** To do **
Copy exactly the lines of the records below, starting at the line that contains "Next Men's Black" and continuing through the last line, both included; omit any pictures.

### The data ###

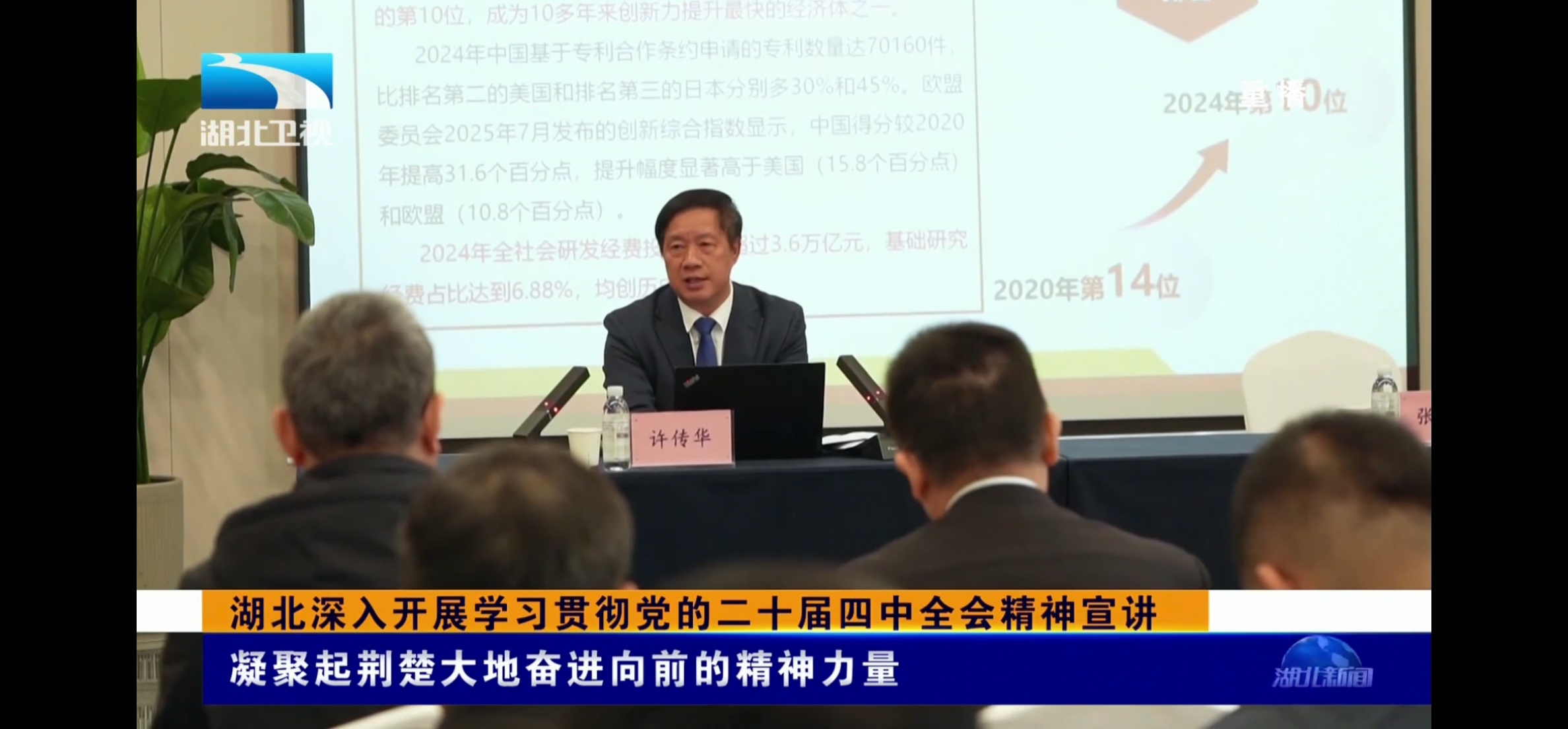 11月26日,学习贯彻党的二十届四中全会精神宣讲报告会在长江财险举行。省委宣讲团成员、湖北经济公司党委常委、“湖北名师工作室”主持人、数字金融创新湖北省重点实验室主任许传华教授作宣讲报告。
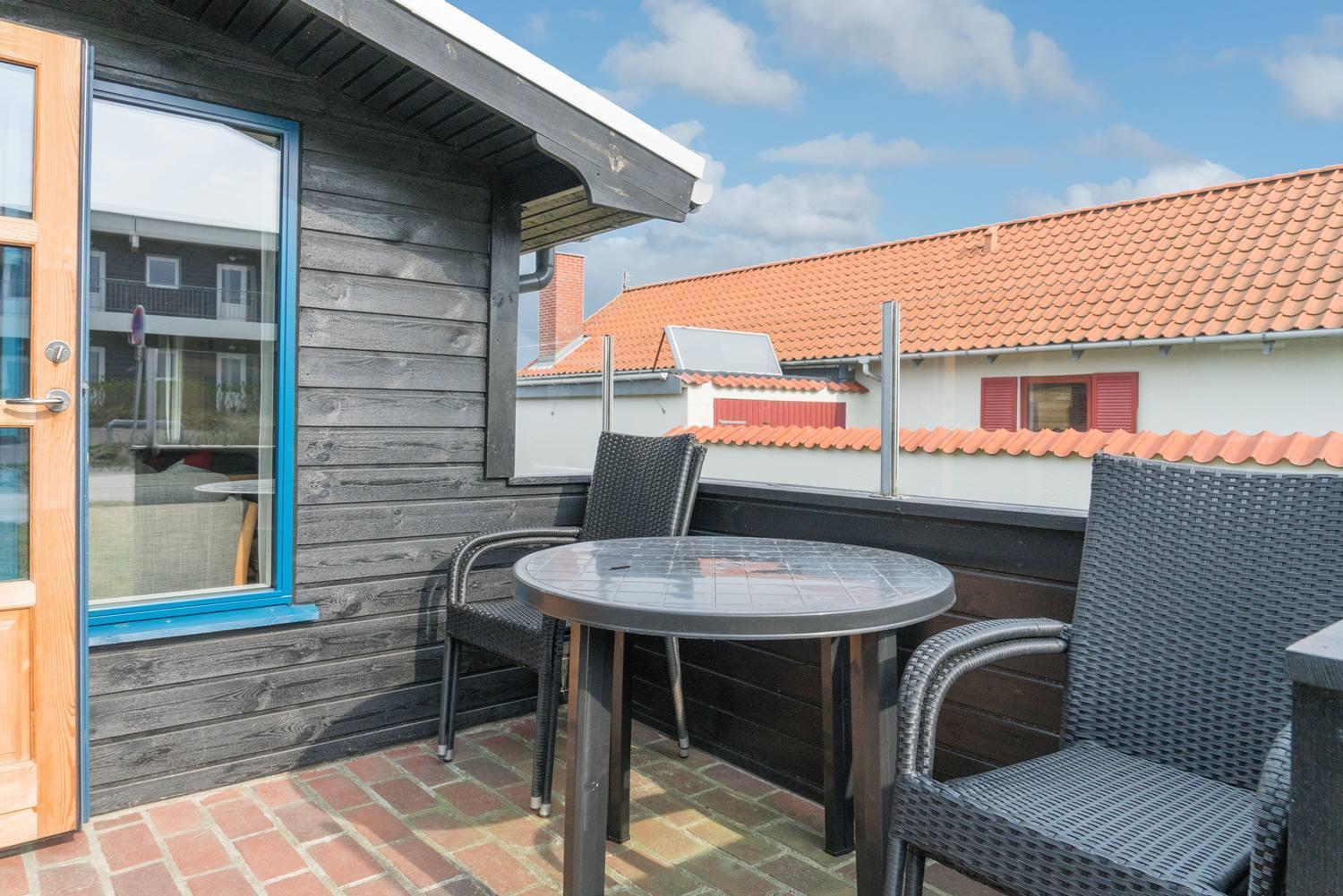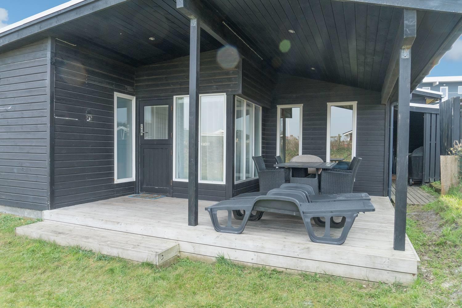 Huset byder på en lukket have og solrig terrasse, hvor du kan nyde ferien i fred og ro – perfekt til både morgenkaffe, grillhygge og afslapning i solen.
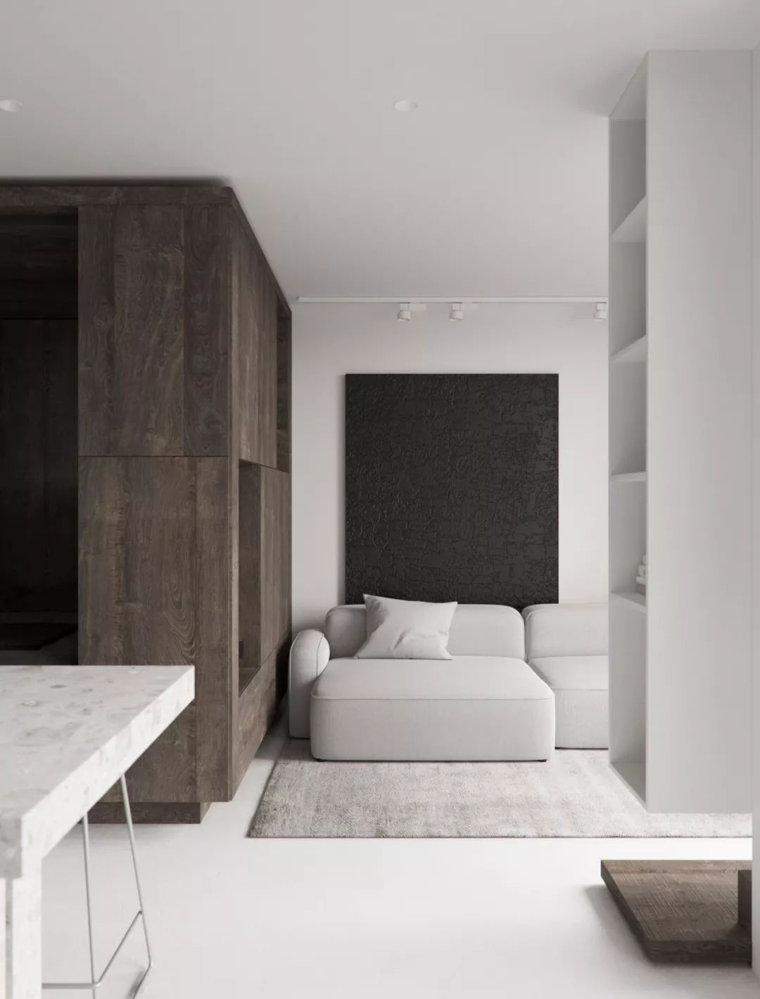 原木和留白是一对灵魂cp,一个清新雅致,一个纯白无瑕,它们的组合不仅让冷冰冰的建筑更具亲和力,也让生活瞬间回归自然味道。
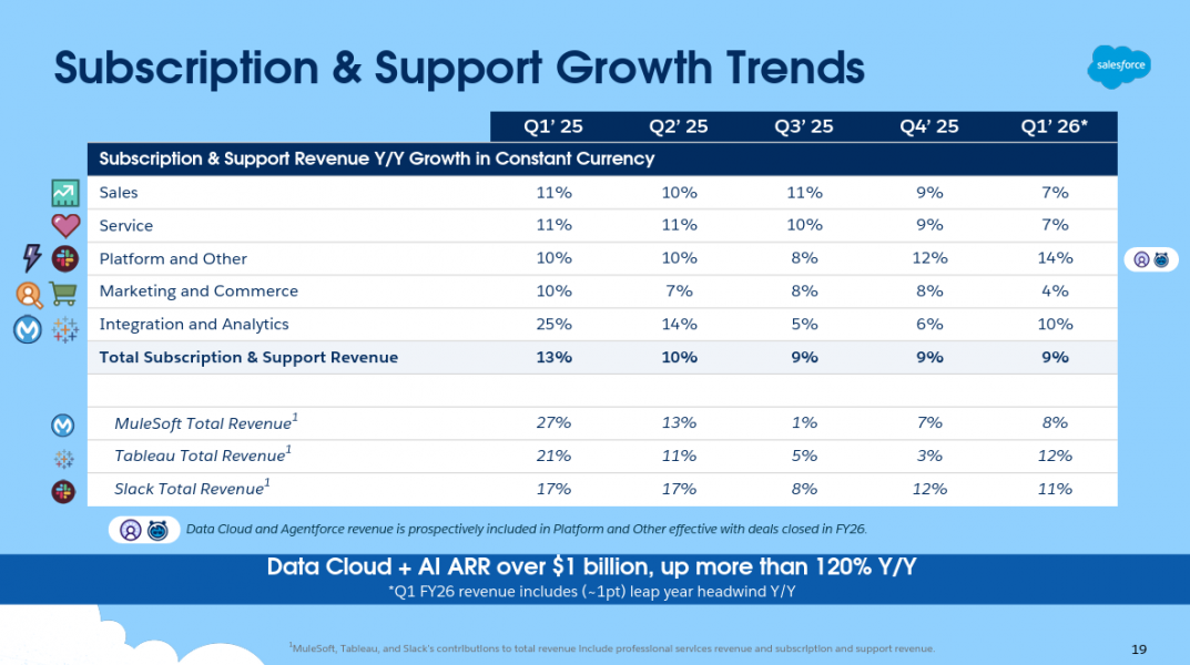 As for the outlook, Salesforce said it would see a currency tailwind due to a weaker US dollar. The company projected second quarter revenue of $10.11 billion to $10.16 billion, up 8% to 9%. Non-GAAP earnings in the second quarter will be between $2.76 a share to $2.78 a share. In constant currency, growth would be 7% to 8%. Salesforce projected fiscal 2026 revenue of $41 billion to $41.3 billion, up 8% to 9%. Non-GAAP earnings for fiscal 2026 are projected to be $11.27 a share to $11.33 a share.
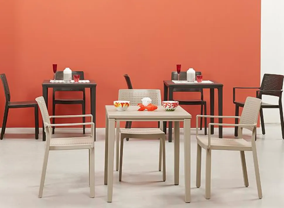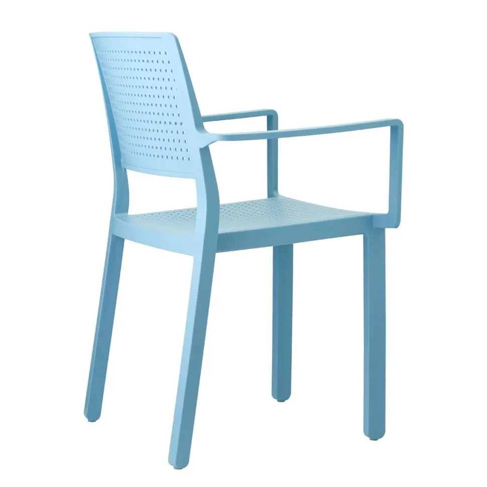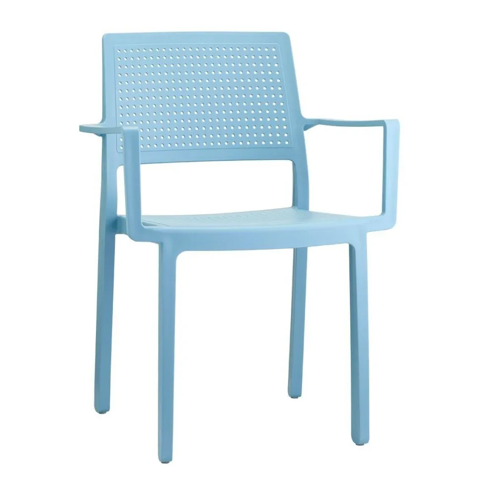 Krzesło Emi to kolejna odsłona klasycznego siedzenia stworzonego z myślą o naszych pięknych ogrodach, tarasach i balkonach. Z pewnością nie raz zdarzyło ci się podczas grilla u znajomych usiąść na pękniętym krześle po przejściach. Krzesło zostało w całości wykonane z techno polimeru, a dodatek perforacji sprawia, że jest ono bardzo wytrzymałe, a upadek nawet podczas najbardziej szalonych imprez staje się tylko przeszłym wspomnieniem. Jednak Emi dzięki swojej prostej, nowoczesnej formie sprawdzi się świetnie również w innych pomieszczeniach na przykład komercyjnych wnętrzach. Specjalny kształt nóg, sprawia, że krzesło sztapluje się, nie pozostawiając szczelin. Dzięki takiej budowie krzesło można sztaplować nawet na bardzo dużych stosach, co znacznie ułatwia przechowywanie. Dzięki półmatowemu wykończeniu, bez problemu można je szybko i sprawnie oczyścić z powstałych zabrudzeń, a obawa przed zniszczeniem krzesła przez niespodziewany deszcz czy intensywne promienie słoneczne może raz na zawsze wypaść nam z głowy, ponieważ Emi to gwarancja odporności na działanie wielu warunków atmosferycznych. Krzesło dostępne w różnych wariantach kolorystycznych oraz w wersji z lub bez podłokietników.
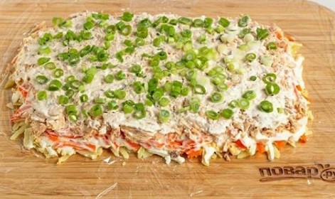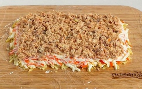 Вложение: ✳Ингредиенты: Горбуша консервированная — 250 г Картофель — 3 шт Морковь — 1 шт Яйцо — 3 шт Лук зеленый — Пучок (небольшой) Майонез — По вкусу Соль — По вкусу Салат листовой — По вкусу (для подачи) Количество порций: 8-10 ✳Как приготовить: Подготовьте все необходимые ингредиенты. Картофель, морковь и яйца заранее отварите в подсоленной воде, остудите и очистите. Досочку застелите пищевой пленкой, на нее будем выкладывать салат в виде прямоугольника. 1 слой: вареный картофель натертый на крупной (можно мелкой) терке и майонез. 2 слой: натертые яйца. 3 слой: натертая вареная морковь и майонез. Горбушу очистите от костей и кожи, разомните вилочкой. Выложите четвертым слоем и сверху немного майонеза. Завершаем небольшим количеством зеленого лука. Теперь аккуратно с помощью пленки подтяните салат вверх к середине с одной и с другой стороны, кончики также прикройте пищевой пленкой и уберите в холодильник на несколько часов. Затем с помощью острого ножа разделите на порции и подавайте к столу на листьях салата.
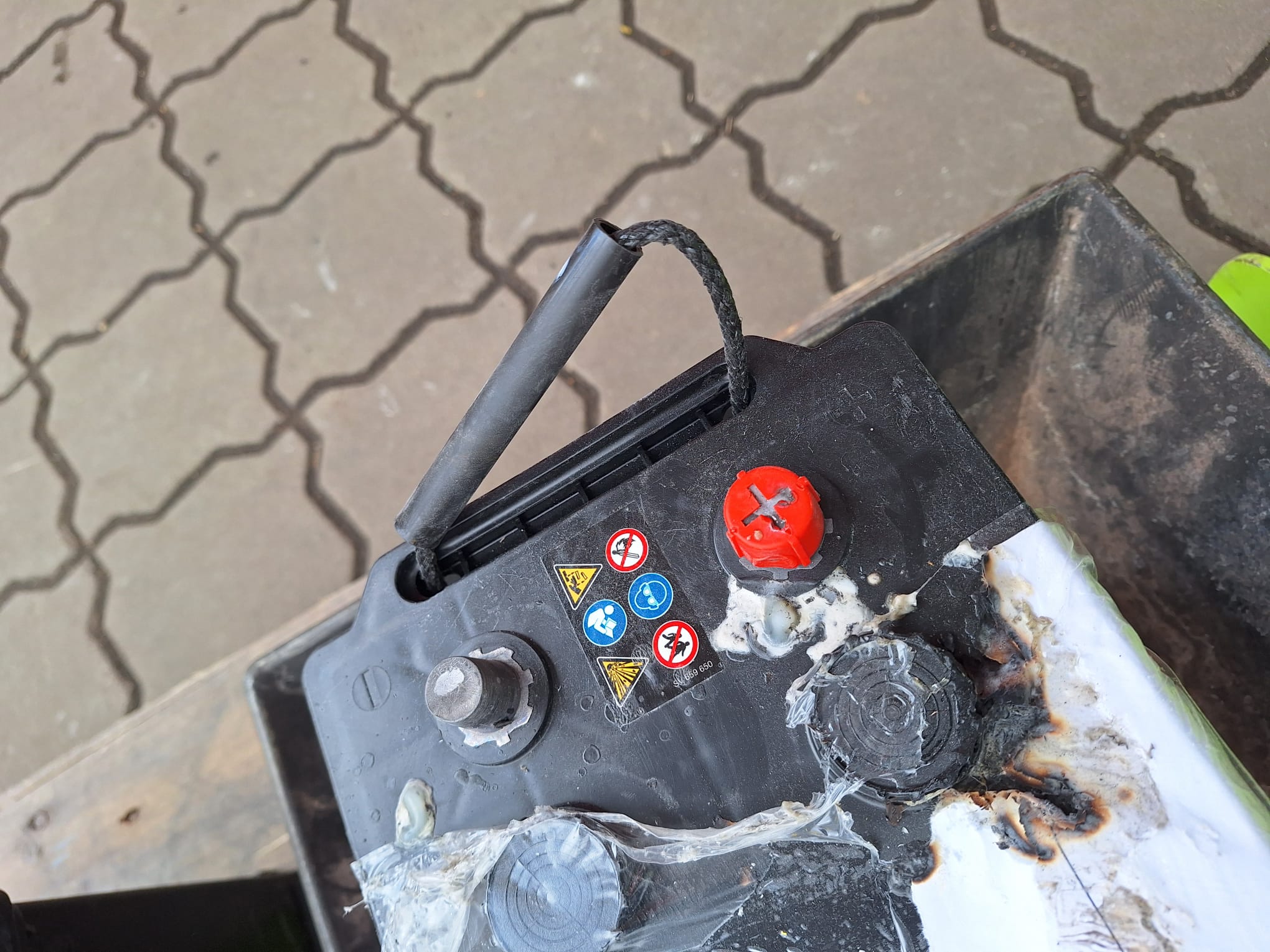 In einer Gitterbox waren mehrere Gestände gelagert, darunter zwei LKW-Batterien. Eine dieser Batterien und weitere Gegenstände wiesen leichte Brandspuren auf. Alle betroffenen Gegenstände wurde ins freie befördert und diese sowie der betroffene Bereich mit einer Wärmebildkamera kontrolliert. Nach circa 30 Minuten konnten wir die Einsatzstelle wieder verlassen.
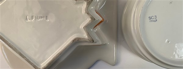 Lotto composto da un posacenere in ceramica smaltata bianca, un vaso in ceramica decorato con foglie di platano della manifattura SC3, Italia, secolo XX unito a un centrotavola a forma di pesce in ceramica smaltata bianca, nera e marrone firmato sotto la base Laura Fiume. (misure diverse)
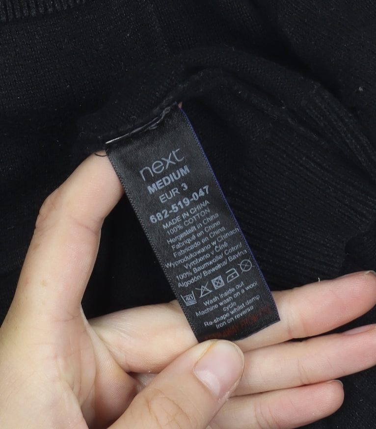 Next Men's Black Pullover Jumper, Medium Size, Collared Neckline
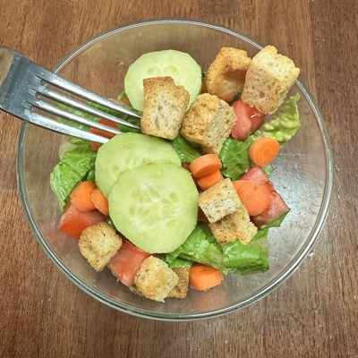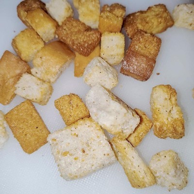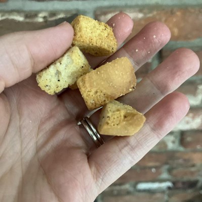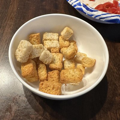 These croutons are a delightful addition to salads and other dishes, offering a satisfying crunch and a clean ingredient list. Guests appreciate their fresh taste, with many noting the enjoyable sourdough flavor. While some find them a bit salty, the overall consensus is that they enhance meals beautifully. Their versatility allows for use in soups and as snacks, making them a pantry staple for many families.
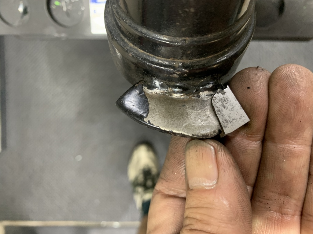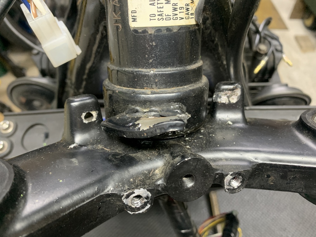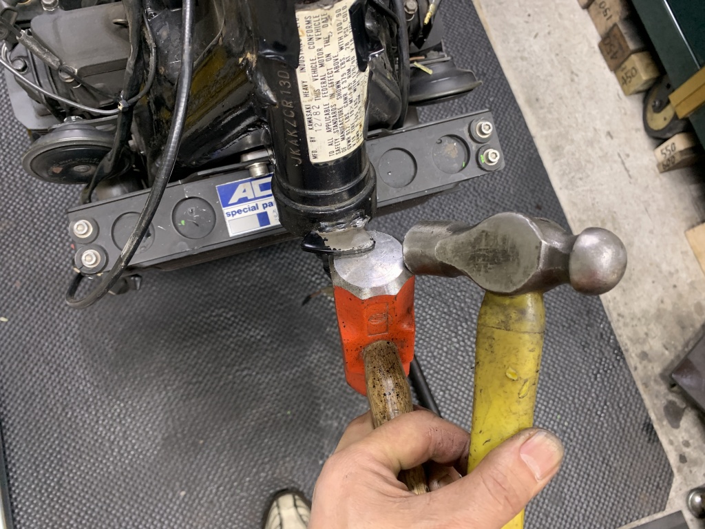 次に、 転倒の衝撃で曲がったハンドルストッパーを修理します。
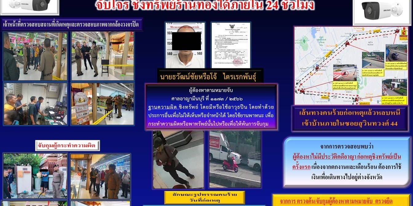 จากการสืบสวนทราบว่าคนร้ายที่ก่อเหตุชิงทรัพย์คือ นายธวัฒน์ชัย ไตรเรกพันธุ์
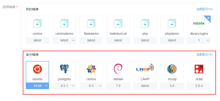 可選擇的鏡像分為「我的鏡像」和「官方鏡像」。
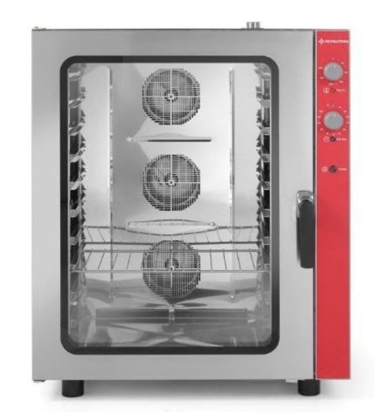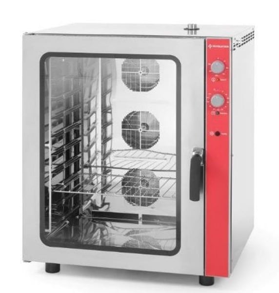 В основу работы заложен процесс конвекции, нагрев шкафа для выпечки осуществляется ТЭНами, которые нагревают воздух рабочей камеры. Далее, горячий воздух, генерируется методом "прямого впрыска" воды на ТЭН. Процесс производится 3 реверсивными вентиляторами - 2800 об/мин, которые равномерно распределяет горячую воздушную массу по всему объему печи - обеспечивая высокий теплообмен между выпечкой и окружающей средой в электрическом конвектомате.

###

** Task solution **
 Next Men's Black Pullover Jumper, Medium Size, Collared Neckline
 These croutons are a delightful addition to salads and other dishes, offering a satisfying crunch and a clean ingredient list. Guests appreciate their fresh taste, with many noting the enjoyable sourdough flavor. While some find them a bit salty, the overall consensus is that they enhance meals beautifully. Their versatility allows for use in soups and as snacks, making them a pantry staple for many families.
 次に、 転倒の衝撃で曲がったハンドルストッパーを修理します。
 จากการสืบสวนทราบว่าคนร้ายที่ก่อเหตุชิงทรัพย์คือ นายธวัฒน์ชัย ไตรเรกพันธุ์
 可選擇的鏡像分為「我的鏡像」和「官方鏡像」。
 В основу работы заложен процесс конвекции, нагрев шкафа для выпечки осуществляется ТЭНами, которые нагревают воздух рабочей камеры. Далее, горячий воздух, генерируется методом "прямого впрыска" воды на ТЭН. Процесс производится 3 реверсивными вентиляторами - 2800 об/мин, которые равномерно распределяет горячую воздушную массу по всему объему печи - обеспечивая высокий теплообмен между выпечкой и окружающей средой в электрическом конвектомате.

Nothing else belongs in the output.